EXERCISE AIM:
Take the line containing "Geometric Greenery Couple" and every line below it through the end of the entries, and output them verbatim, pictures excluded.

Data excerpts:
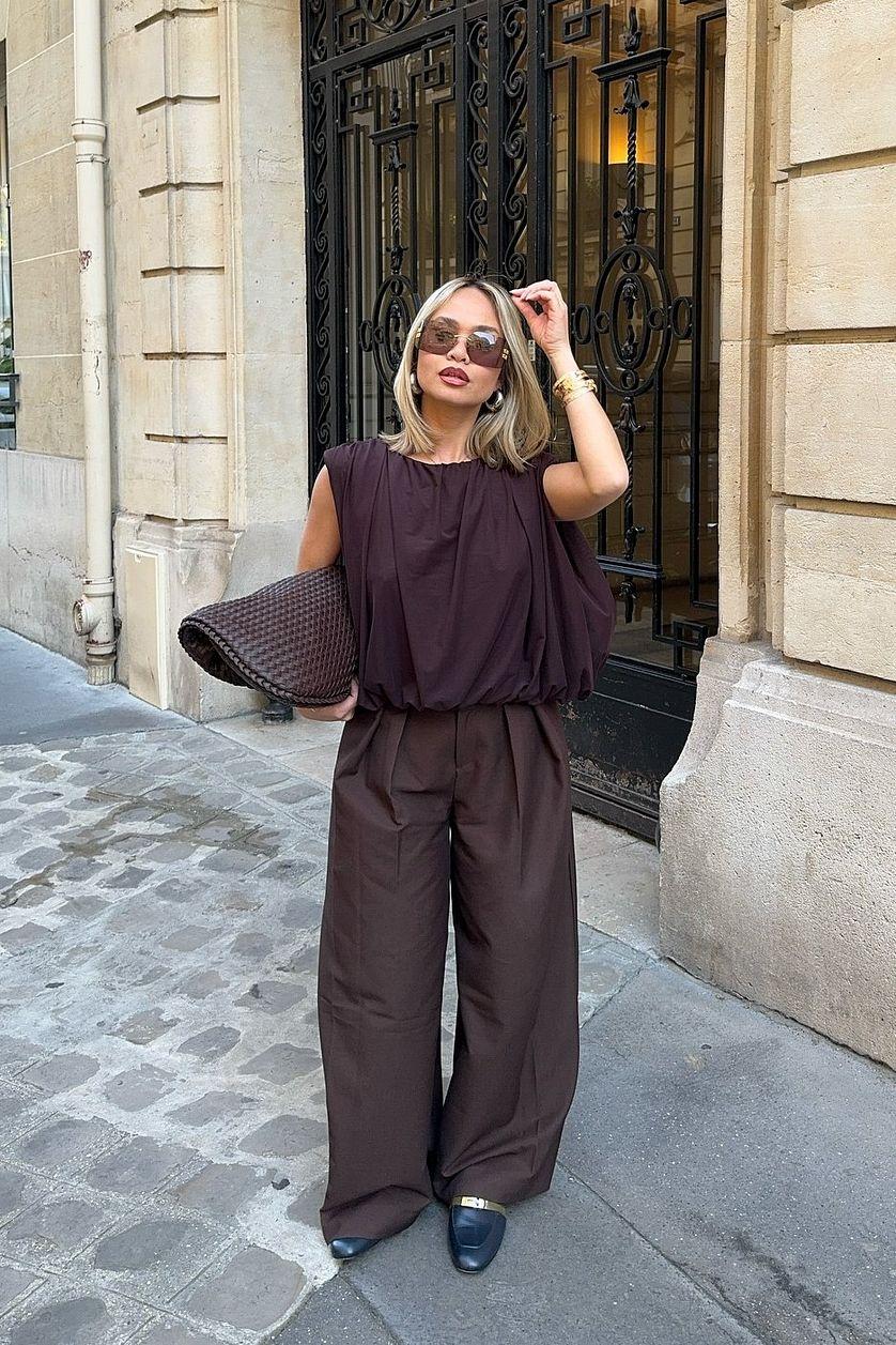 Sharp Hour Tailored Top Brown
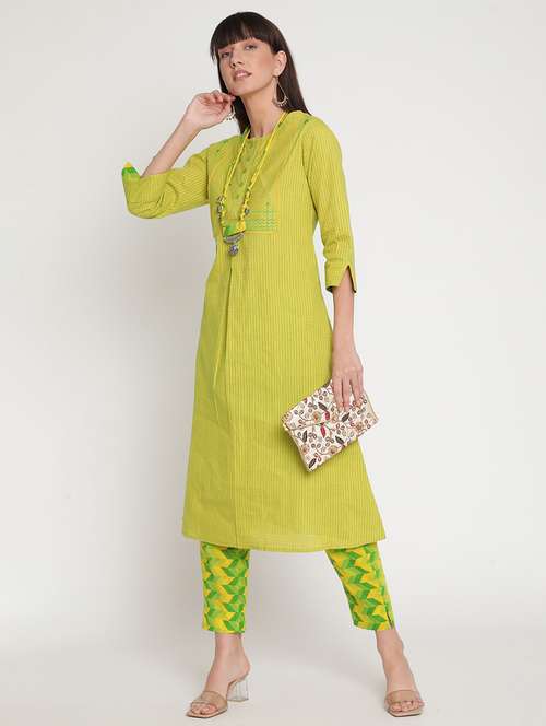 green cotton blend kurta pant set
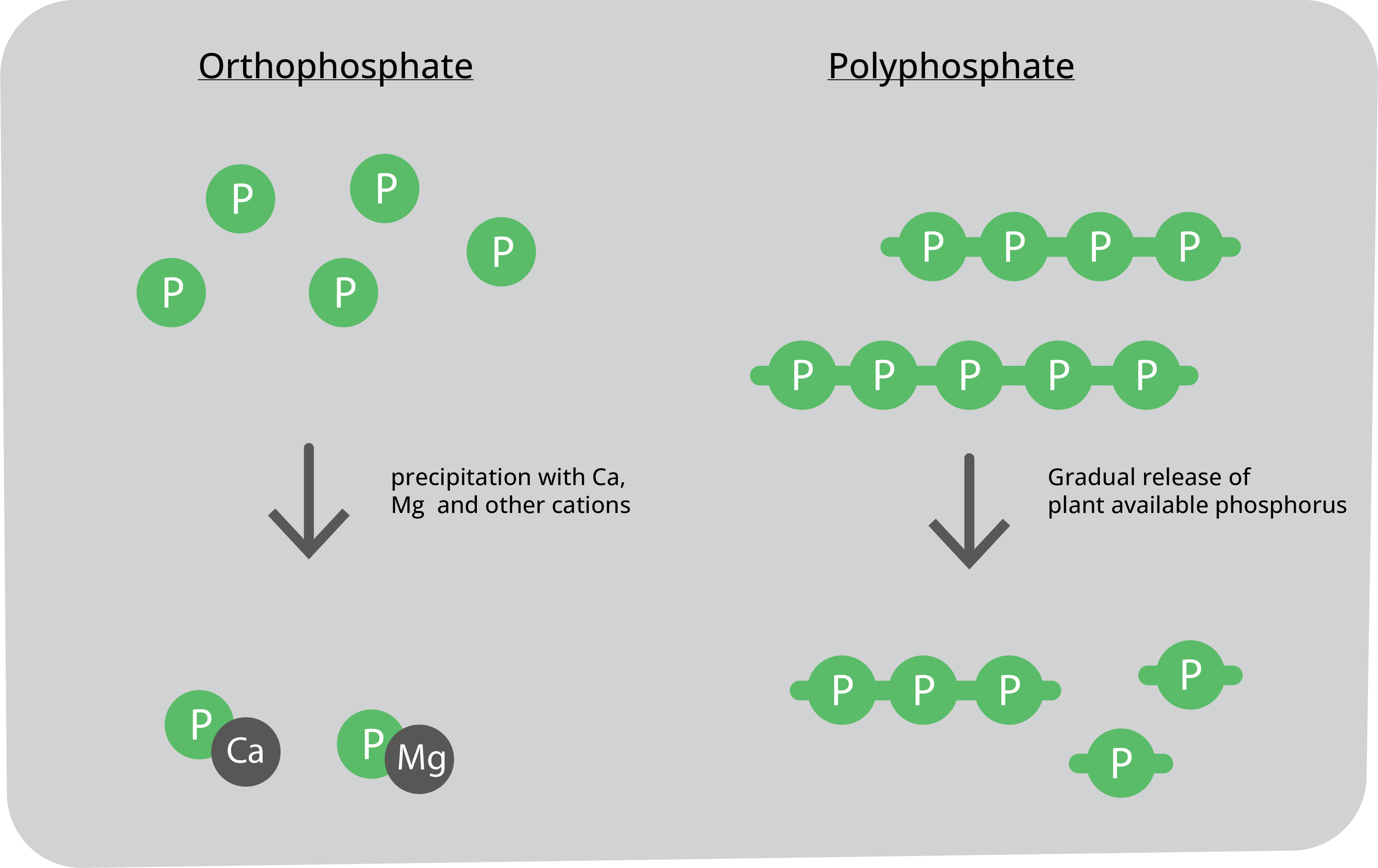 Orthophosphate ensures immediate phosphorus availability and prevents excessive alkalinity.
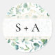 Geometric Greenery Couple Initials Classic Round Sticker
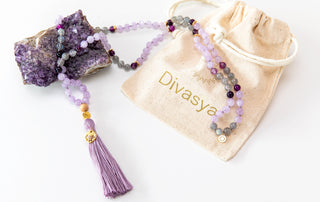 Entdecke unsere im Berliner Divasya Atelier handgefertigte echte Mala (Meditationskette / buddhistische Gebetskette), besetzt mit hochwertigen Amethysten, Mondsteinen und Achaten. Ideal für Deine Meditation und Yoga-Praxis.
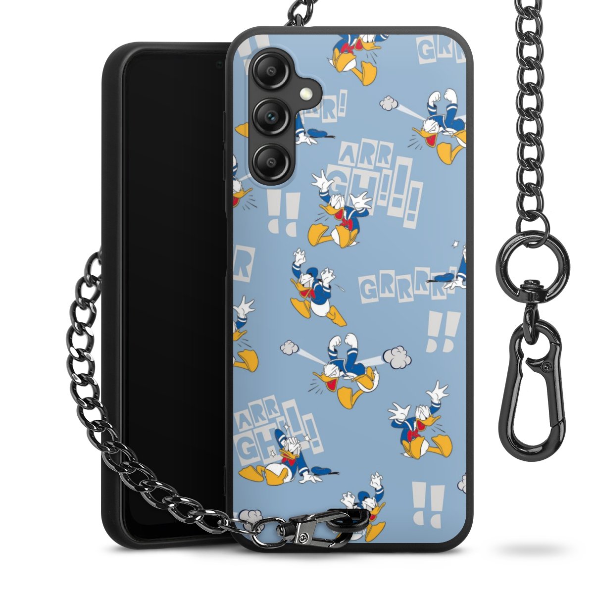 • Mattschwarze Handyhülle mit Metallkette
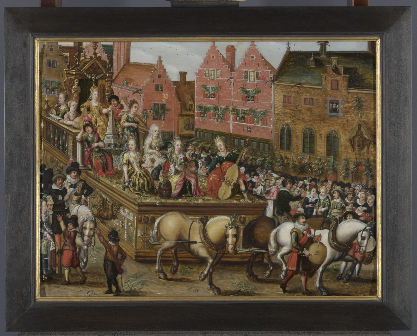 Praalwagen met opschrift Gloria Principes tijdens de...
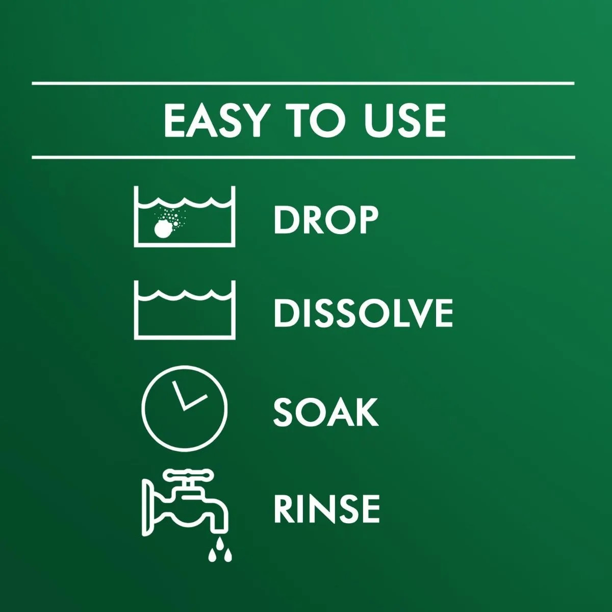Helppokäyttöinen – upota, anna vaikuttaa ja huuhtele puhtaaksi

RESPONSE:
 Geometric Greenery Couple Initials Classic Round Sticker
 Entdecke unsere im Berliner Divasya Atelier handgefertigte echte Mala (Meditationskette / buddhistische Gebetskette), besetzt mit hochwertigen Amethysten, Mondsteinen und Achaten. Ideal für Deine Meditation und Yoga-Praxis.
 • Mattschwarze Handyhülle mit Metallkette
 Praalwagen met opschrift Gloria Principes tijdens de...
Helppokäyttöinen – upota, anna vaikuttaa ja huuhtele puhtaaksi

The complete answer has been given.